Так появились и другие переосмысления — вдохновленная Полидори повесть Алексея Константиновича Толстого «Упырь» (1841), готическая новелла Джозефа Шеридана Ле Фаню «Кармилла» (1872) о хищной женщине-вамп и знаменитый «Дракула» (1897) Брэма Стокера, в котором вампир объединил в себе все страхи и пороки XIX века: он обаятелен, похотлив и несет в Англию из Восточной Европы смерть и чуму.
Именно такой образ первым закрепился в кинематографе — экспрессионистский «Носферату» (1922) немецкого режиссера Фридриха Вильгельма Мурнау, вольная адаптация романа Стокера.
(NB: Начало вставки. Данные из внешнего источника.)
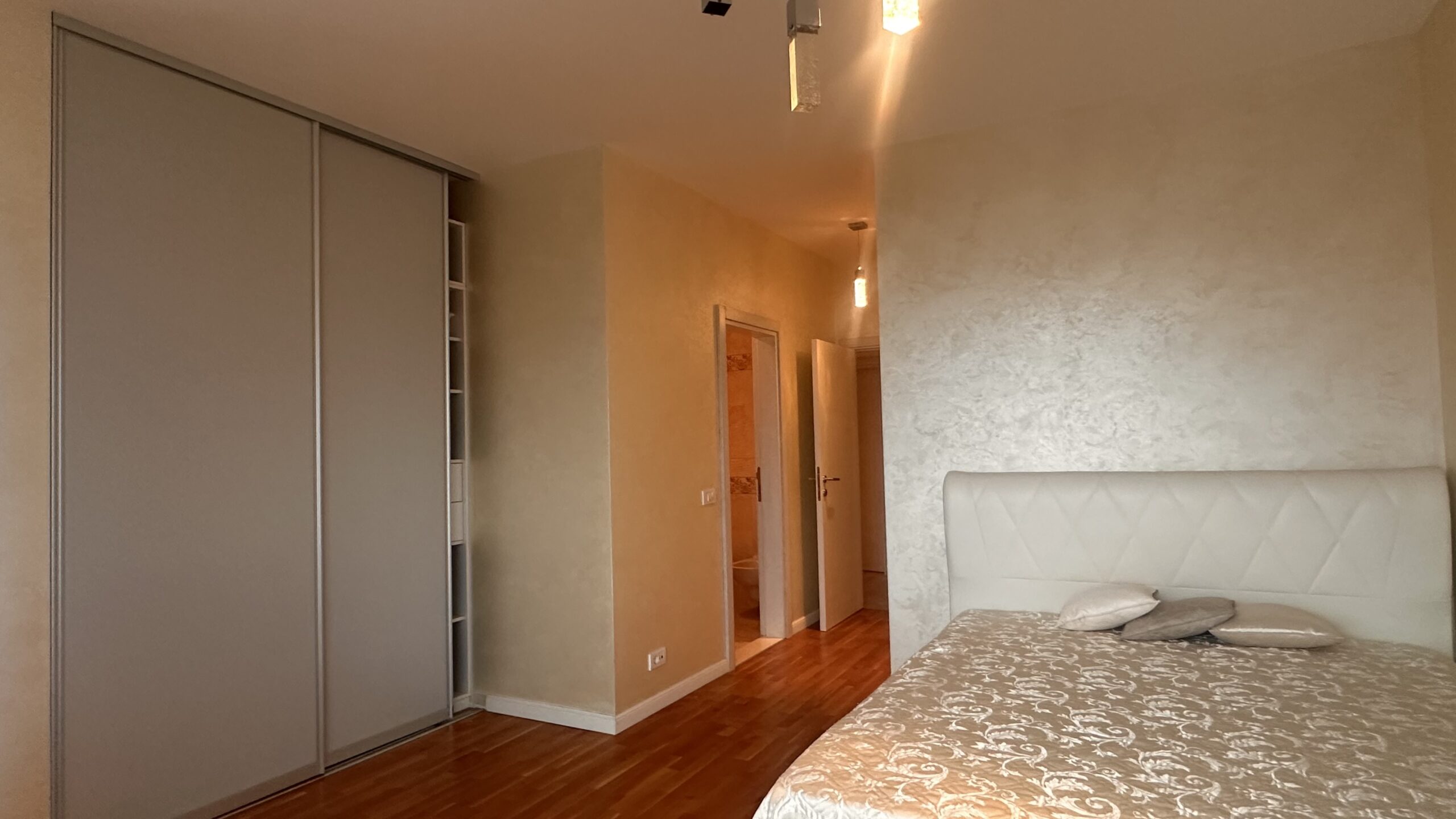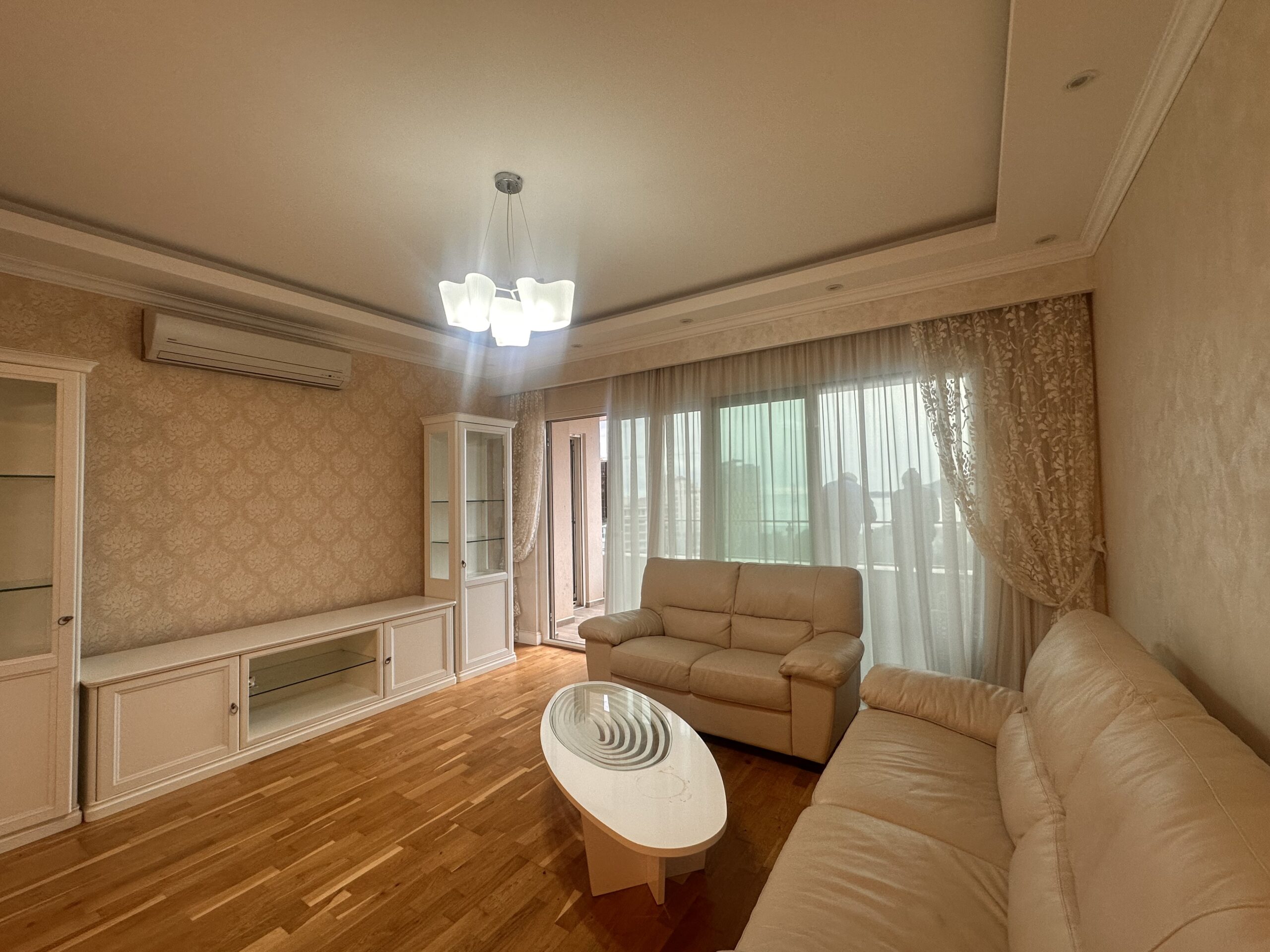 The apartment is spacious and features a functional layout. It consists of an entrance hall, a kitchen with dining area, a living room, a hallway, three bedrooms, two bathrooms, a guest toilet, and a large terrace. One of the bedrooms is a master bedroom with its own bathroom and built-in wardrobe. All rooms are air-conditioned.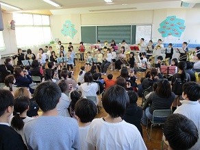 3月4日(水)、金管バンド部のお別れ演奏会が行われました。4年生から6年生の全部員で、「RPG」「宝島」の2曲を演奏しました。保護者の方、先生、他の部活動の児童の前で、立派な演奏をしてくれました。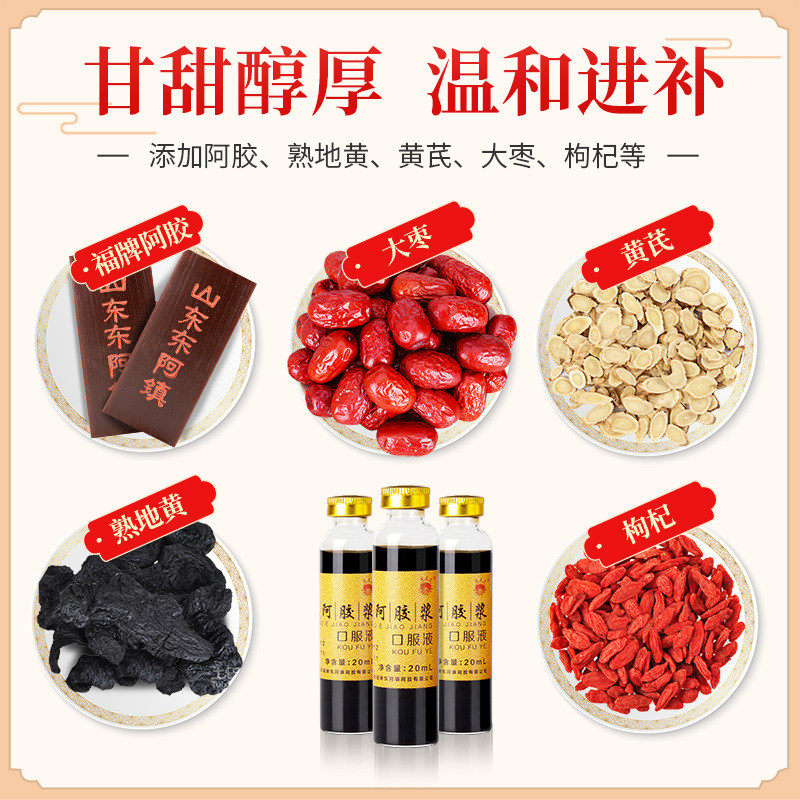 Fu brand Ejiao blood and qi oral liquid for women to improve anemia 200ml*3 boxes of nutritional products gift Ejiao paste

Ученик Зигмунда Фрейда Эрнест Джонс в статье «О ночном кошмаре» (1931) отметил, что во время пандемий множатся не только легенды о вампирах, но и ксенофобия. Выход «Носферату» в Германии сопровождался пандемией испанского гриппа, страшной инфляцией, убийством министра иностранных дел Вальтера Ратенау праворадикальными боевиками антисемитской организации «Консул», последствиями Первой мировой войны и миграцией в Берлин десятков тысяч евреев из Восточной Европы.
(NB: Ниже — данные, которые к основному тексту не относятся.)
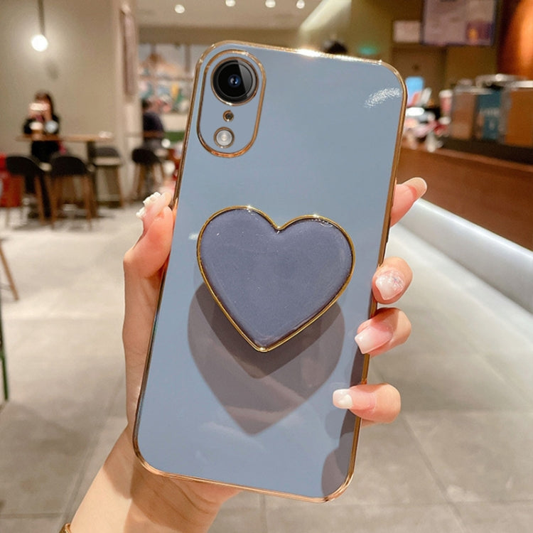 Funda para Teléfono TPU Apple iPhone Xr Galvanoplastia Love Heart Holder (Azul)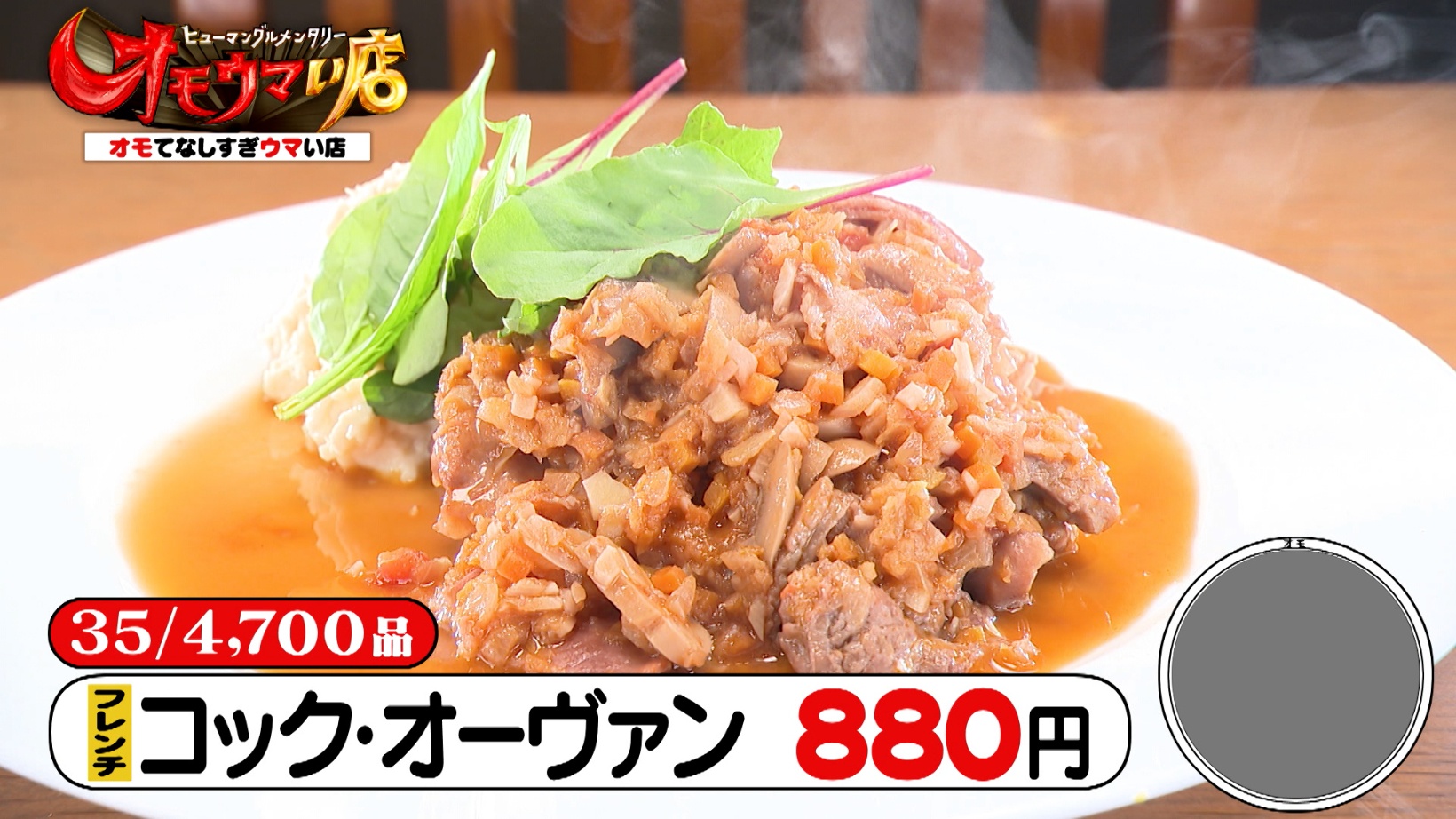 「コック・オーヴァン(880円)」は、鶏もも肉と刻み野菜を赤ワインなどで煮込んだフランス料理。本格的な料理の数々に、スタジオメンバーは店主について「元々は何の人?」と興味津々です。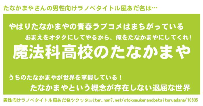 | 女子向けラノベタイトル風あだ名 | 『たなかまやなんてお断りですっ。』 |

Кинокритик Джим Хоберман отмечает, что «Носферату» и «Дракула» стали универсальными страшилками о вредоносном Другом: кровожадный убийца приплывает на корабле, обложенном гробами, кишащими крысами, чтобы принести одну чуму и смерть. Только в Германии эти страхи накладывались еще и на антисемитизм. «Нет никаких доказательств, что Гитлер видел „Носферату“ — и все же в „Моей борьбе“ (1925) евреи неоднократно упоминаются как вампиры, кровопийцы и паразиты, „та раса, которая избегает солнечного света“. Подобные метафоры подхватили последователи, такие как нацистский идеолог Альберт Розенберг. Он неоднократно использовал квазибиологические термины, чтобы охарактеризовать евреев как вампирскую бациллу, заражающую своего немецкого хозяина. Как только началась война, тон стал еще более резким, как в нацистской брошюре 1943 года „Евреи-вампиры приносят хаос в мир“», — добавляет он.
Вампиры были сексуальными, но стали еще и человечными, когда за дело взялись женщины
В середине XX века о вампирах стали писать женщины. В 1968 году Мэрилин Росс начала серию книг о Барнабасе Коллинзе по телесериалу «Мрачные тени», а чуть позже, в 1970-х, Энни Райс издала первый роман из хроники «Интервью с вампиром».
Без эмпатичного и чувствующего рассказчика Луи де Пон дю Лака не было бы главного любимчика подростков Эдварда Каллена.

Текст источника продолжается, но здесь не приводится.